I was close to tears when he told me that some parents choose to abandon their child at a school knowing that they will have a better life in the care of others – a story of parental love which is beyond anything in my experience.
As we spoke we began to explore possible things that we might do in East Lothian to support education in Mae Sot.
Here’s the pitch!
Next year we could ask each of our secondary schools if they would be willing/able take on one senior student (17 year old) to follow a full year’s study ending in formal qualifications. The schools would seek to find a family in their community who would be willing to host the student. The family would be responsible for feeding and supporting the student for the year – but we would look to raise funds to pay for recreational activities. For our part the authority would seek to find the money to pay for the travel costs for the six students and co-ordinate a support system for the students during their time in East Lothian.
I know that I would have been interested if one of my sons had come back from school and said he had wanted to host such a student, just as I would have been interested as a head teacher. The learning opportunities for our East Lothian students are obvious but we need to look beyond that benefit to the transformational effect it could have on our visitors, their own communities, and development of the democratic process in their country.

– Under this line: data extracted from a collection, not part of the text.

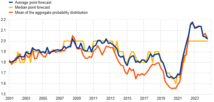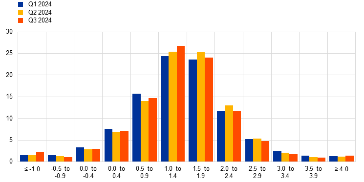 SPF respondents’ headline inflation expectations over the short and medium term were broadly unchanged, albeit slightly lower for 2026. Inflation expectations for 2024 and 2025 remained unchanged at 2.4% and 2.0% respectively, while they edged down (by 0.1 percentage points) to 1.9% for 2026 (see Chart 1). The main factors explaining this profile were similar to the previous round. Unit labour cost growth was expected to moderate due to slower wage growth and higher labour productivity growth, given the anticipated upswing in economic activity.[2] Profit margins were expected to be restrained owing to the negative output gap and to absorb some of the labour cost pressures. Compared with the June 2024 Eurosystem staff macroeconomic projections, inflation expectations in this SPF round were 0.1 percentage points lower for 2024, 0.2 percentage points lower for 2025, but unchanged for 2026 (see Table 1).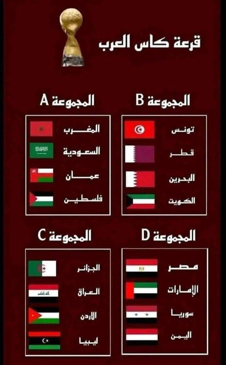 وضمت المجموعة الأولى منتخبات تونس، قطر ، البحرين ، الكويت ، والمجموعة الثانية المغرب، السعودية ، عمان، فلسطين، والمجموعة الثالثة مصر، الإمارات، سوريا، واليمن.(الأنباء الليبية ـ سويسرا) ك و
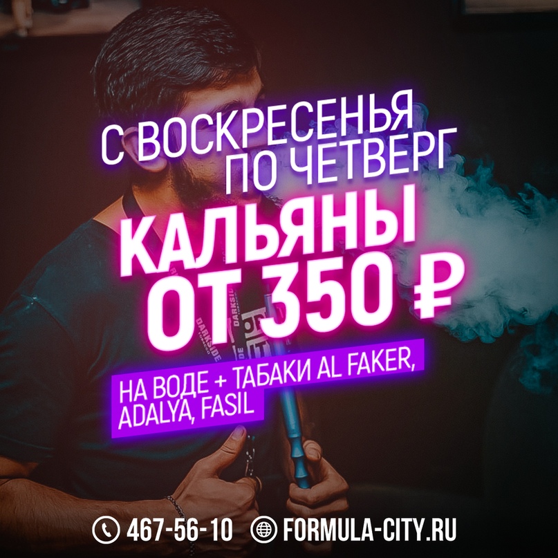 Дыми в Formula Bar с воскресенья по четверг — у нас самое выгодное предложение при заказе кальяна на табаках Al Faker, Adalya или Fasil 🔥 Бери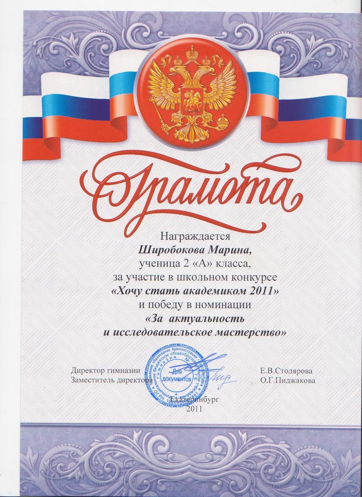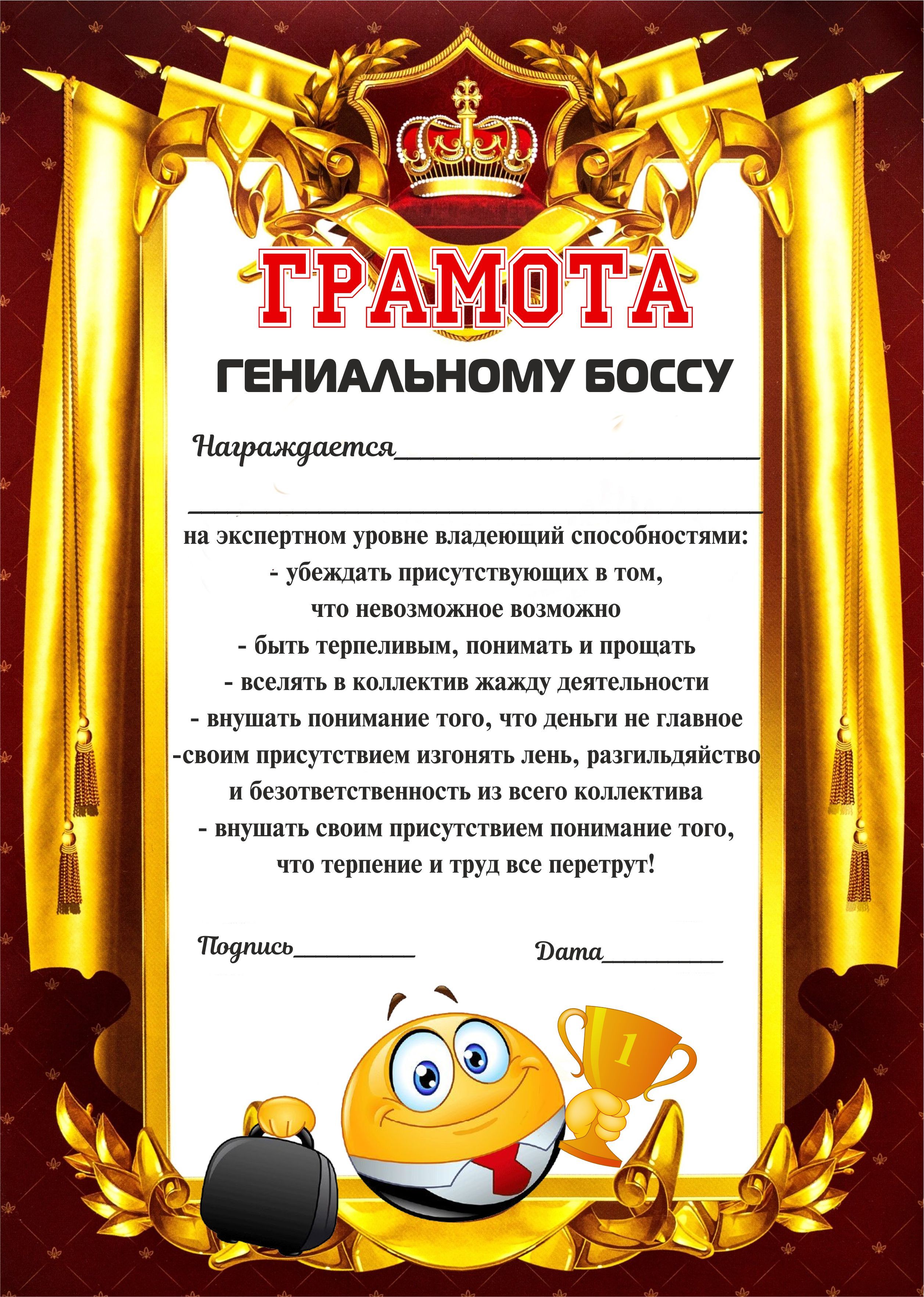 Грамота директору текст

Could there possibly be a better gift to give?
Donations to help provide basic education for internally displaced people of Burma can be made at www.nhecburma.org or theinaing@nhecburma.org
Good (and big) idea. Think you’ll have a lot of support for this!
Thein Naing has been posting to the Campie Primary blog, so anyone interested can read about his experience in his own words there:
https://www.edubuzz.org/campie/2011/09/26/say-hai-and-thein-naings-first-day-at-campie/
Hi Don,
First of all thank you for all your help with our Burmese visitors. You have been a massive supporter of Campie’s Global Schools Partnership and we were all very keen for you to meet Thein Naing and Say Hai. Thein Naing is staying with me while he is in Scotland and I have to say this is a pleasure and a privilege. He was delighted to meet you and very happy afterwards.
Your support is amazing, and we are all grateful at Campie. I think your suggestions to have students here is great, but there are many difficulties which you are unaware of. First all, most of the children living in the border region have no passports or identity papers so getting them over here would be difficult if not impossible. This is obviousy a massive obstacle, and one which is almost unsurmountable. It can be dangerous for the Burmese to travel within Thailand as they can be arrested at any time and deported. Also many of these children are seriously traumatised as they have lived through terrible things that we cannot begin to imagine. Communities over there are very close, and many people have suffered greatly when removed from their families and friends.
I know you are a great thinker, and this is a great thought, but I worry this is about travelling down this route. But as usual Don, you have opened a debate and hopefully will start people thinking about how we can help and what we can do that is going to be most valuable.
We have much to offer and so, so much to learn from this connection. This is definitely a two-way process as I know your realise. Maybe we can chat (along with Sheila) some time and come up with the best way to help.
Once again thank you for your support and involvement in our partnership.